Mojca Erdmann liefert prickelnde Gesangsware. So klingt Singen auf dem Drahtseil. Sie verkörpert die Marquise, aber eine Messerspitze ihrer Vokalkunst ist immer auch Mojca Erdmann. Gut. Thomas Oliemans gibt dem Valmont mehr als einen Spritzer Herzblut. Beide zeigen die Menschen hinter den Bestien. Francesconis Musik? Kann funkeln, vermeidet jene moderne Altklugheit, die schnell läppisch klingt, weiß auch um Schönheit. Barenboim und Staatskapelle arbeiten in dieselbe Richtung.
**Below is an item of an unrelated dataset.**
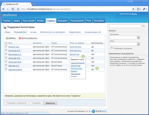 Один і той же користувач може бути виконавцем на одному сервісі і замовником на іншому. Наприклад, співробітник help desk є виконавцем на сервісі "Підтримка бухгалтерії", і в той же час замовником на сервісі "Замовлення канцелярії". Чи являється користувач виконавцем визначається роллю, з якою він призначений на сервіс (2).

Die Maske wird non-stop während der Vorstellung getragen. Zwei Plätze Abstand, wenigstens wo ich sitze. Einfach dufte, sonntagabends noch schnell in die Oper für intensive, kurze eineinhalb Stunden. Während der Vorstellung frage ich mich plötzlich, ob es sein kann, dass ich ganz real Erdmanns Lulu noch im Ohr habe, wenn sie ihren Sopran auf Umlaufbahnen schickt, die eigentlich nur Satelliten vorbehalten sind.

Am stärksten gerät die erste halbe Stunde, am schwächsten die Verführungsszene der Volange, wo auch der dramaturgische Bogen hängt. Vom Parkett aus finde ich die elektronischen Einspielungen OK. Im Rang vor zwei Wochen klangen sie disparat.

Wie wäre es, wenn man die Inszenierungen zeitgenössischer Oper des vergangenen 10, 15 Jahre in einem Festival bündelte? Zwei Wochen, Rihm, Sciarrino, Henze (auf dessen Phaedra hier schon öfters hingewiesen wurde), Hosokawa (gerne wieder mit Hannigan), Francesconi, Furrer etc.